Trees in the riparian zone (Trees and water resources).

Joseph Zorzin redoak at forestmeister.com
Tue Sep 30 04:01:15 EST 1997


A.J. Glauber wrote:
> 
> A complex answer to a complex question.
> 
> Yes, some types of trees do use relatively high amounts of water (e.g.
> willows, cottonwoods, etc.). However, vegetation in channels or
> floodplains slow the flow of water, instead of conveying higher flows
> quickly downstream (often too quickly to be handled by
> stormwater-discharge or filtration systems).
> 
> Riparian wetlands (including forested) provide many beneficial services
> to the ecosystem and to human devleopment. For example, wetlands: (1)
> act as "filters", removing many contaminants from water, including
> heavy metals, and storing them in saturated conditions that may not be
> bioavailable; (2) minimize the impact of flooding, by providing storage
> capacity for high waters; and (3) provide habitat to a plethora of
> wildlife species at varying times in their life histories.
> 
> In my job as a restoration ecologist, I have countless projects that
> involve developing mitigation and restoration plans to offset the
> unintended effects of dredging, channelization, and/or vegetation
> removal.
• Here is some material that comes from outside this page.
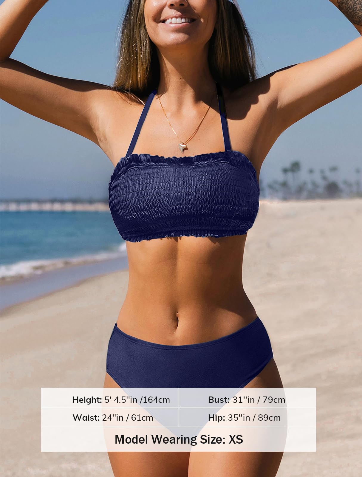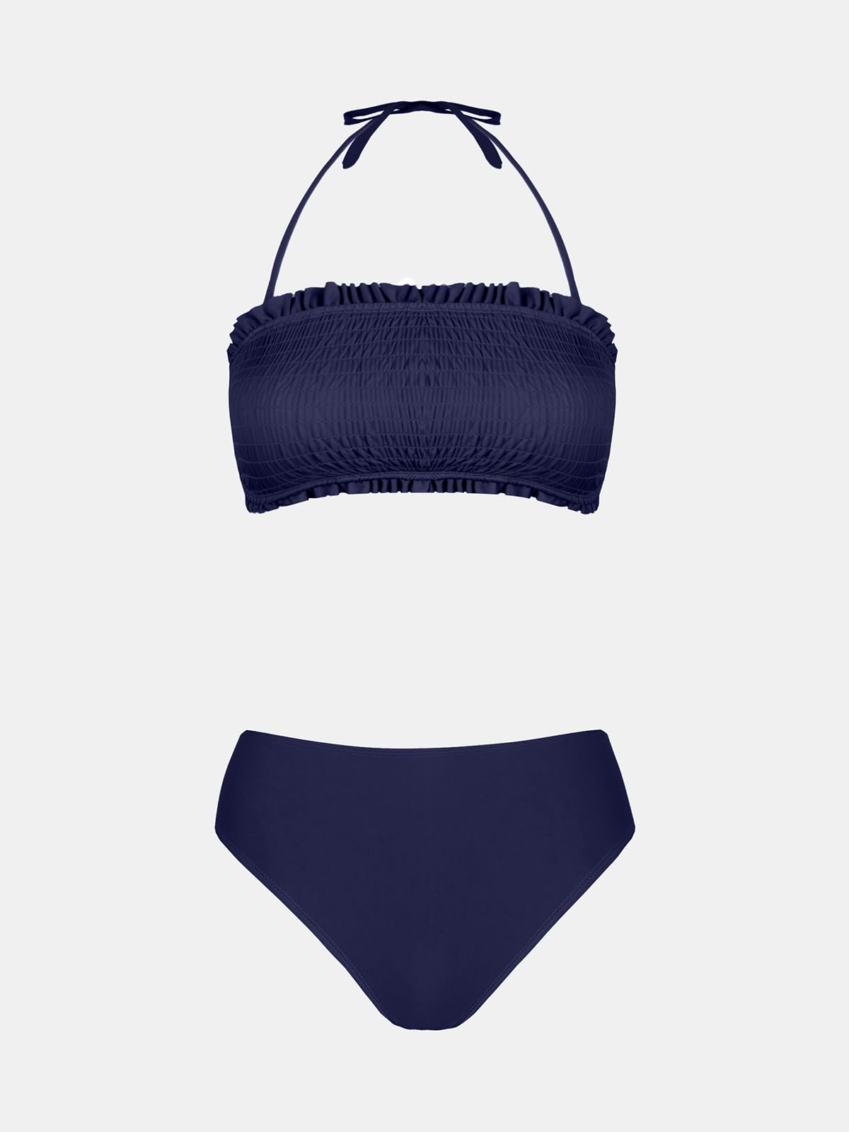 • Design: Get ready to turn heads at the beach or poolside with our Smocked Halter Top and Mid Rise Bikini Set! This stylish set features a smocked bandeau top with a merrow edge detail, adding a touch of elegance and texture. The back self tie provide a comfortable and flattering fit.

The impacts to both the ecosystem and public works are
> staggering. In the San Francisco Bay Area, voters have just approved
> over $200,000,000 to come up with ways of restoring the Sacramento-San
> Joaquin Delta that is faces catestrophic decline both in terms of biota
> (numerous endangered fish species and aquatic habitats), water supply
> (heavily engineered water distribution systems based on levees,
> dredging, canals, pumping, etc), water quality (decimation of wetlands
> coupled with increase in polution from agriculture, non-point sources,
> etc.),  and various other factors.
> 
> So, let's think before we act! There are ways to accomodate both humans
> and the world beyond that can save countless dollars and quandries in
> the not-too-distant-future.

And of course when all the damage was being done to the environment
there were people speaking up and being ignored as dangerous radicals
who didn't appreciate the wonders of modern capitalism.